While controlling for all tax effects of M&A transactions is a nearly impossible task, we do include a control for the capital gains tax benefits of various financing methods.[4] We use a dummy variable, STOCKS TAX ADVANTAGED, to control for firms with individual and corporate capital gains treatment. This variable is based on information contained in the Economist Intelligence Unit’s Country Commerce Reports. This dummy takes value of one if there is any tax advantage to stock payments in the target’s country, and is zero otherwise.

The US tax code allows tax–free mergers and acquisitions, if at least fifty percent of the target’s shares are exchanged for stocks and other conditions are met.

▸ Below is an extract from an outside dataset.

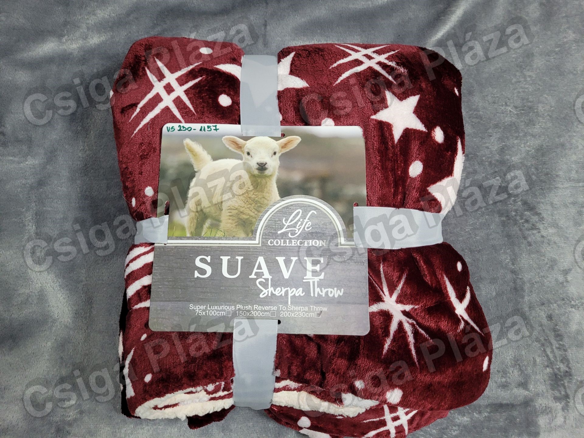 Bordó hullócsillagos vastag sherpa takaró, ágytakaró 200x230cm
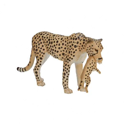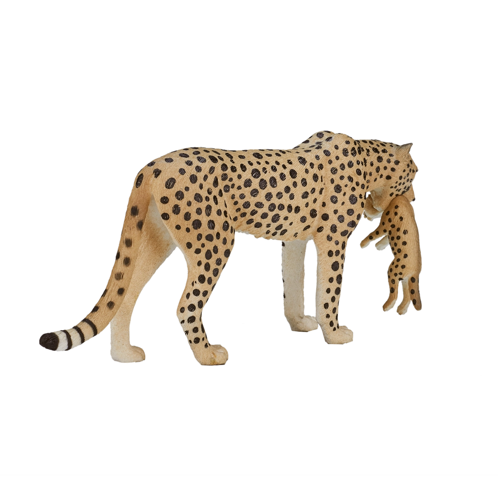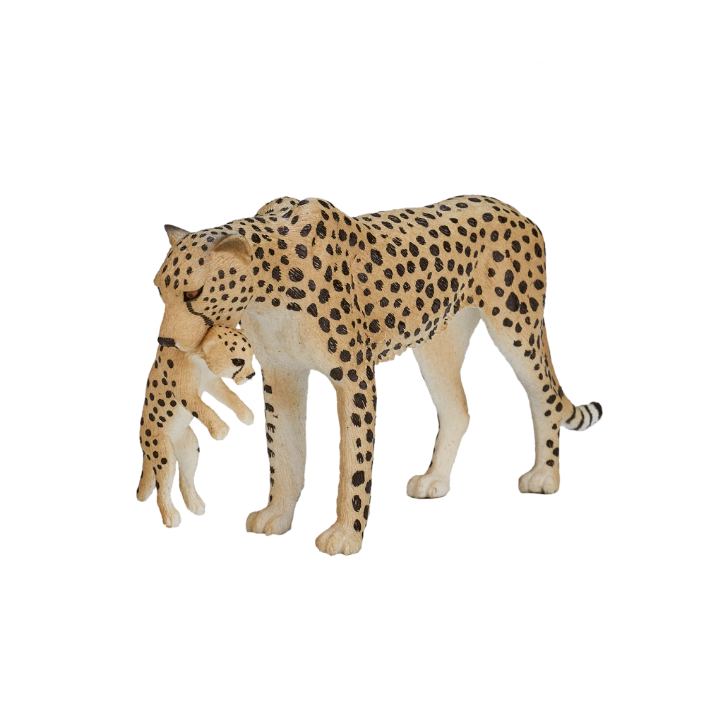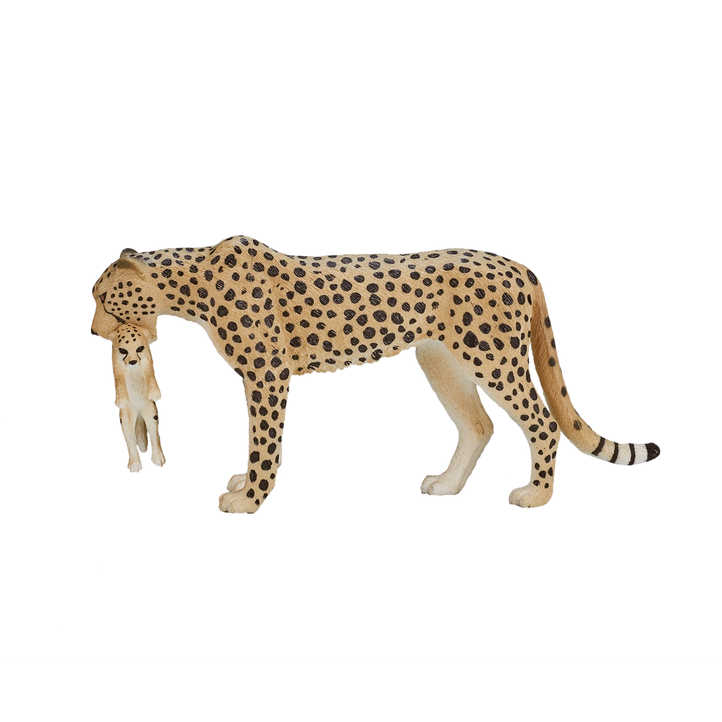 Entdecken Sie die Welt der Wildtiere mit der realistischen Figur eines Geparden mit Jungtier von Mojo. Das Modell überzeugt durch die detailreiche Darstellung von Fell und Färbung, dank der Kinder die charakteristischen Merkmale dieser schnellen Raubkatze leicht erkennen. Das robuste und unbedenkliche Material eignet sich perfekt für den täglichen Spielspaß und zum Lernen.

If the conditions for a tax–free deal are met, then the capital gain associated with the stock proportion of the purchase price can be tax deferred, while otherwise the entire purchase price is subject to taxation. Those offers will always include at least fifty percent of stocks, in order to take advantage of the tax benefits.[5]

For non–US targets the tax implications are much more varied. Most countries offer no tax advantage to equity financed M&A transactions. However, some countries provide exemptions. In Ireland, capital gains are normally taxed at the standard corporate rate. However, there are special roll–over provisions for business–related assets when sale proceeds are used to acquire new or similar assets within one year before or three years after the disposal date. In the UK, capital gains arising from acquisitions can normally be deferred if shareholders are compensated with shares or bonds rather than cash, provided the enlarged company continues in the same line of business. In addition, mergers create no taxable gains. If Canadian shareholders exchange shares for cash in a merger or takeover, they are taxed on the capital gain. However, acquisitions offering optional payment in cash or shares permit a tax–free rollover when shares are chosen. In Panama, no income tax is imposed on capital gains from sales of shares registered with the National Securities Commission if the sale results from a merger or corporate reorganization involving an exchange of shares.